Jon Kennedy, TBW's reservoir renovation project manager, counters that cracking is much more extensive than HDR admits and that the engineer is entirely to blame.

"We've got cracking over two-thirds of the surface of this thing," he says. "We can't use this facility at its original intended capacity of flow rate until we get a permanent solution to this cracking."

Connolly acknowledges HDR has responsibility. "We've told TBW from Day One that we're going to be culpable, but let's find out what the real problem is," Connolly says. "TBW doesn't want to know the real [cause], because they see us as a checkbook to help fund their next project."


Barnard Construction Co., Bozeman, Mont., completed construction of the reservoir in March 2005, and the facility came on line in 2006. For a while, TBW, HDR and Barnard stood as proud partners of the new facility.

"It was a good job right after it was put into operation," says Kevin Ellerton, who was Barnard's construction manager and is now the firm's business development manager for dams and hydroelectric projects. "It was unfortunate what happened."



Built in Lithia, the reservoir is approximately two miles long, a mile wide and five miles in circumference—covering about 1,100 acres, according to TBW. The earthen embankment ranges from 32 ft to 75 ft in height and measures about 300 ft wide at its base.
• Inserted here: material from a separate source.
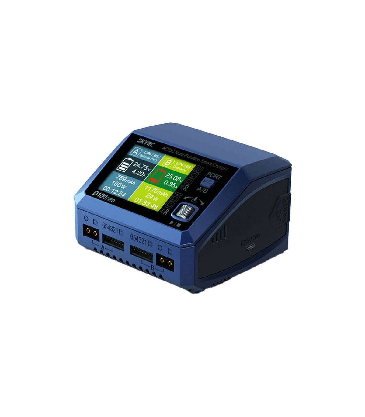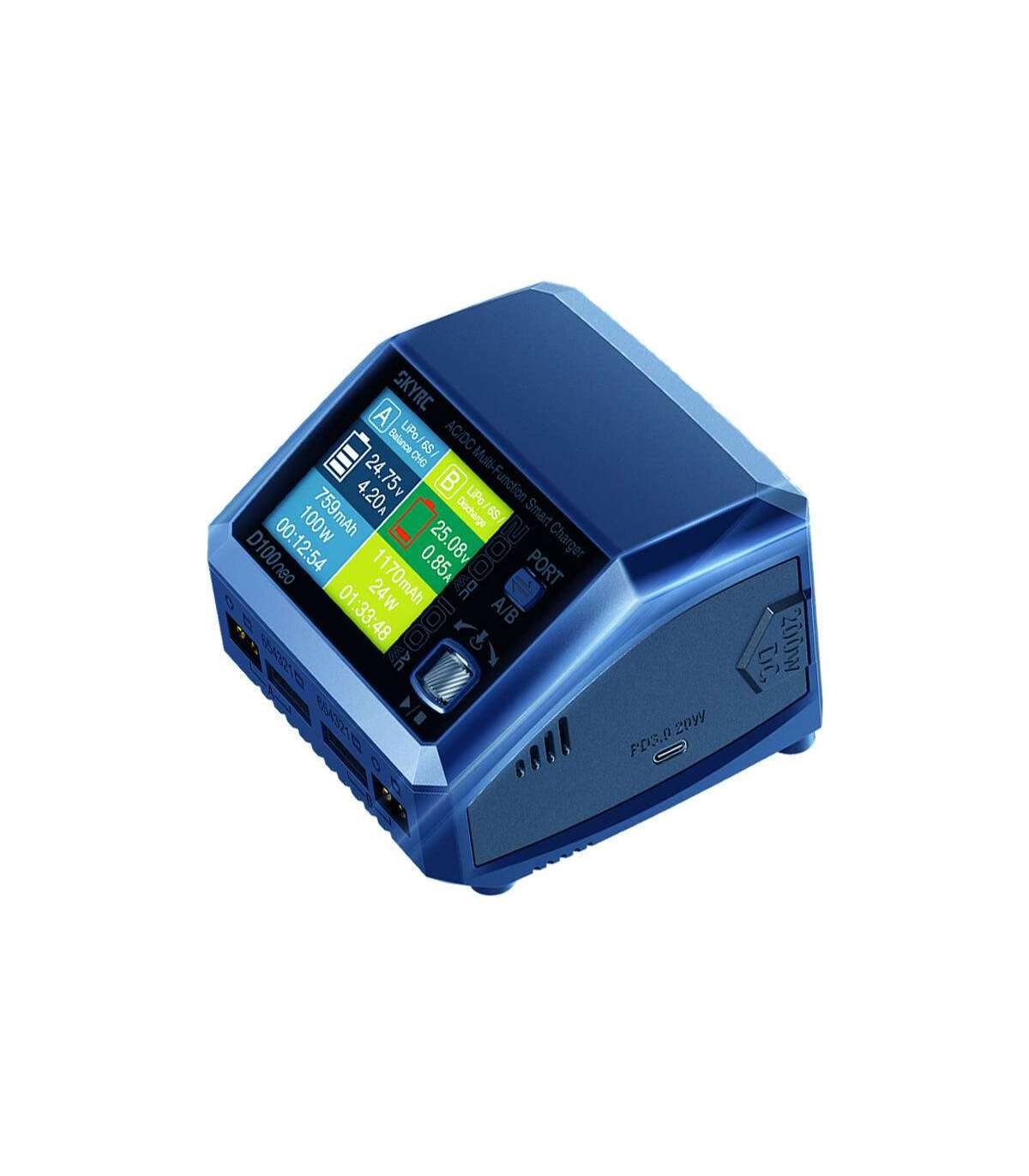 The SkyRC D100neo Charger is equipped with 2 ports, allowing simultaneous charging with a power of 200W when using DC power supply. It supports various types of batteries, including LiPo, LiFe, Li-ion, LiHV, NiMH, and NiCd, and provides voltage balancing function with an accuracy of ±0.02V. The device's performance is also influenced by the high-resolution color display and user-friendly interface, ensuring ease of use. The product is also equipped with a USB-C port with 20W Power Delivery for fast charging. Advanced protective features ensure safe operation.

Utility officials were still publicly praising the reservoir in 2007, nearly two years into its operation. That year, the region suffered significant drought, and the new reservoir proved its value.

The utility's then-director of operations, Ken Herd, told ENR Southeast, "The reservoir was extraordinary this year. It performed just as expected and provided us with surface water while we were experiencing a lack of rainfall" (Southeast Construction, ">11/07).
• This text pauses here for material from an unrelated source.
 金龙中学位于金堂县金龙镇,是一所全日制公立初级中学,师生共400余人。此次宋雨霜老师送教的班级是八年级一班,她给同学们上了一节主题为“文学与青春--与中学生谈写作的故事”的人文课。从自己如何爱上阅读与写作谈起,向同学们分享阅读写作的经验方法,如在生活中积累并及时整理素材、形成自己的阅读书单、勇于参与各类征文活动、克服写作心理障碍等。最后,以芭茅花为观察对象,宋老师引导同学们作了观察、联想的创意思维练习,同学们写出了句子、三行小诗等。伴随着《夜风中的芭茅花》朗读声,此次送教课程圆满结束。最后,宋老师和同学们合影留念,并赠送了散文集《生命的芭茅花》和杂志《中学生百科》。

To meet demand, TBW drew down the reservoir to slightly more than two billion gallons by fall 2007. However, as early as December 2006, significant cracking began.

HDR had designed the reservoir's interior with a geomembrane layer at its base, followed by a section of compacted soil and then a 16-in.-thick flat-plate soil-cement liner at the upper level.

There was no drain system built into the soil-cement wedge. The specified normal drawdown rate of 66 mgd could be achieved by gravity draining, and the embankment's soil-cement layer would function, though both HDR and TBW knew it would crack.

Gerald J. Seeber, the utility's general manager, noted as much in a 2008 letter to nearby residents explaining why the reservoir was in no danger of collapse.

In 1998, Tampa Bay Water hired HDR not only as engineer-of-record but also to provide site selection, soil testing and some construction oversight.